Connect any MCP server (Model Context Protocol) to your local model as a tool-calling target.

↓ 18k · ★ 4.8

shell-call

Tools

Allow the model to run whitelisted shell commands. Useful for local agentic workflows.

↓ 9k · ★ 4.4

theme-mono

Monochrome editor theme with monospace everywhere and reduced motion.

↓ 6k · ★ 4.5

cmd-palette

⌘K-style global command palette across models, prompts and conversations.

↓ 12k · ★ 4.7

quantization

LM Studio quantization explained — Q4, Q5, Q8 and what they cost you

Quantization shrinks a model's weights by storing them in fewer bits. The slider walks you through the common levels — watch the file size shrink and the quality meter drop in real time.

Q4_K_MQuantization level 5 of 7

FP16Q8Q6Q5Q4Q3Q2

File size (8 B model)— GB

Output quality (vs FP16)— %

▸ Q-suffixes from llama.cpp · K_M variants pack the most quality per byte at most levels

The plain answer to what is lm studio is this: a desktop GUI that downloads open-weight models from Hugging Face, loads them via llama.cpp or MLX, and reports the numbers that matter — tokens-per-second, time-to-first-token, memory footprint and GPU layer offload. LM Studio is the desktop application that turns a consumer laptop into a benchmarkable local AI workstation. Built for Mac and Windows users who want reproducible tokens-per-second numbers rather than vague cloud-API impressions, the lm studio app exposes every measurable surface of a local LLM run: GPU utilization, KV cache size, prompt-processing speed and generation throughput. Together with image generation and a plugin marketplace, it is the most measurement-friendly local AI tooling in 2026.

LM Studio for benchmarks, in plain terms

The plain answer to what is lm studio is this: a desktop GUI that downloads open-weight models from Hugging Face, loads them via llama.cpp or MLX, and reports the numbers that matter — tokens-per-second, time-to-first-token, memory footprint and GPU layer offload. For a benchmarks-driven audience, what is lm studio app comes down to a measurement harness with a chat UI on top. The lm studio ai workflow is straightforward: pick a quantization, run a fixed prompt set, record throughput. Because everything runs locally and the model weights are byte-stable across machines, the same prompt-and-model combination produces directly comparable numbers on any hardware.

Is LM Studio safe to leave running as a benchmark daemon

Anyone running benchmarks at scale will eventually ask is lm studio safe to leave open as a measurement daemon for hours. The answer is yes. Code-signed binaries on Mac and Windows, clean independent scans on VirusTotal, and the runtime opens no inbound connections by default. The lm studio safe story rests on architecture: model weights pulled from Hugging Face over HTTPS with verifiable hashes, license activation as the single outbound call, and a local API server bound to 127.0.0.1 unless explicitly opened. For a continuous-integration setup that drives benchmark sweeps, the absence of telemetry and the documented network boundary are the deciding factors.

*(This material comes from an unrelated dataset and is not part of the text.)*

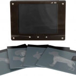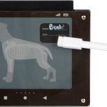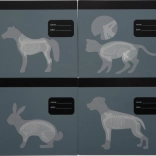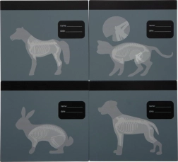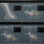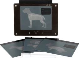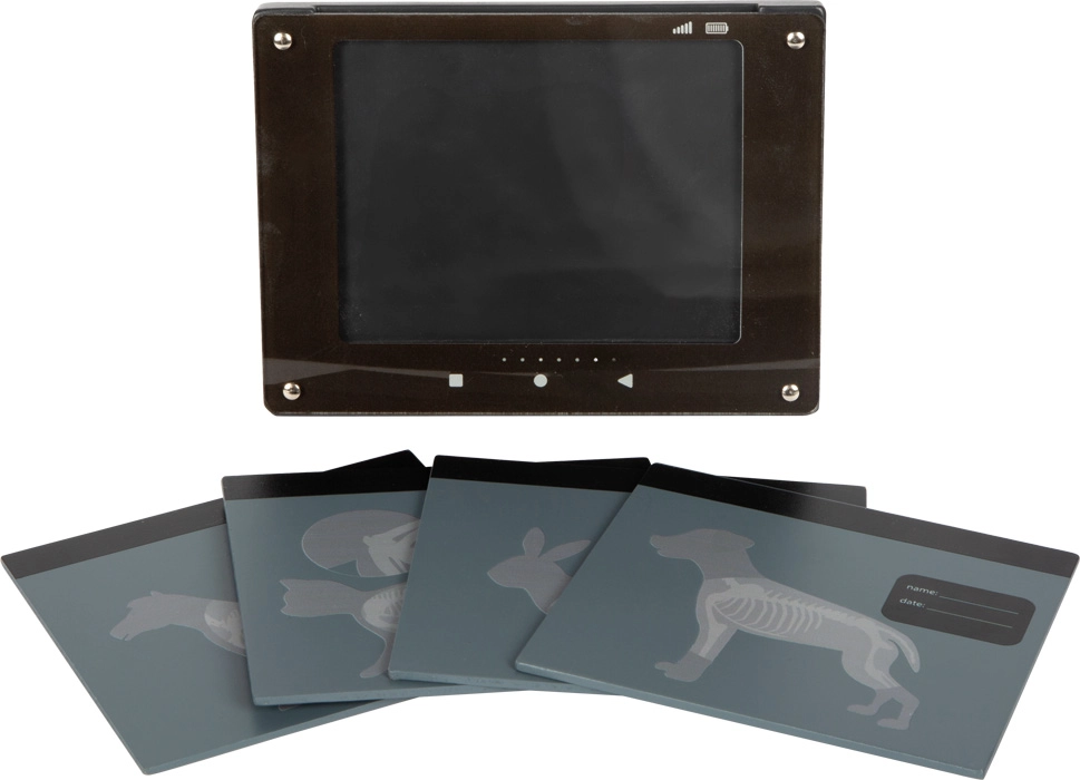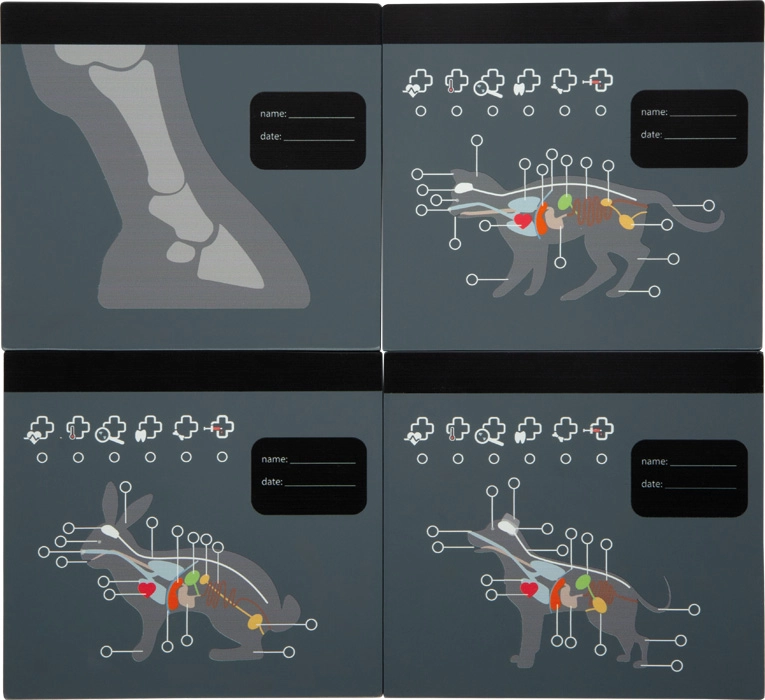 Interaktív „röntgen” átlátszó állatkártyákkal (kutya, macska, nyúl, ló), amely támogatja a képzelőerőt és játékosan mutatja be a test felépítését. A jegyzetmezőbe beírható a páciens neve és a vizsgálat dátuma.

The reason LM Studio wins in published benchmarks is consistency: the tokens-per-second number you see in the chat UI is the same number the CLI reports and the same number the local API server logs. Arjun Mehta — ML Performance Engineer

LM Studio Mac: MLX is the headline number

The lm studio mac edition is the platform of choice for repeatable Apple Silicon benchmarks. Distributed as a notarized .dmg, runs natively on Apple Silicon, requires macOS 13.4 or later. The MLX runtime is the main reason: on M-series chips, MLX-format models deliver materially higher tokens-per-second than the cross-platform llama.cpp back-end, and the difference compounds as model size grows. A 7B model on an M2 Air clocks around 22 tok/s under Q4_K_M; the same model on an M3 Max approaches 64 tok/s. The lmstudio mac install integrates with Shortcuts and the Metal system counters, which makes correlating throughput with GPU utilisation trivial.

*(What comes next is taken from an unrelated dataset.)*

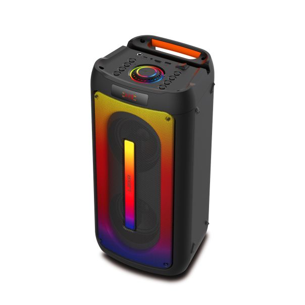 Bluetooth karaoke prenosni sistem/ jacina 300 W/ ugradjen FM radio/ podrzava reprodukciju preko bluetooth-a , USB memorije i micro SD kartice/ podrska AUX in/ 1x žičani mikrofon/ mocan 2 x 4" BASS niskotonski zvucnik/ LED displej sa crvenim osvetljenjem/ rucica za laksi prenos uredjaja/ ugradjena punjiva baterija od 3.7 V/ dimenzije:213x195x425

LM Studio Windows: CUDA, ROCm, XPU and the variance problem

Windows benchmarks have wider variance because the GPU stack varies more. The lm studio download windows installer is an MSI for Windows 10 and Windows 11, both x64 and ARM64. The lmstudio windows edition wires up CUDA on NVIDIA cards, ROCm on AMD, and Intel Arc XPU on the integrated stack. An RTX 4060 with 8 GB of VRAM hits roughly 56 tok/s on Llama-3.1-8B-Q4, an RTX 4090 sees over 130 — dedicated VRAM and Tensor Core count both contribute. Vulkan is the universal fallback when no vendor SDK is installed, slower but portable. The Windows installer is digitally signed so it passes SmartScreen without flags.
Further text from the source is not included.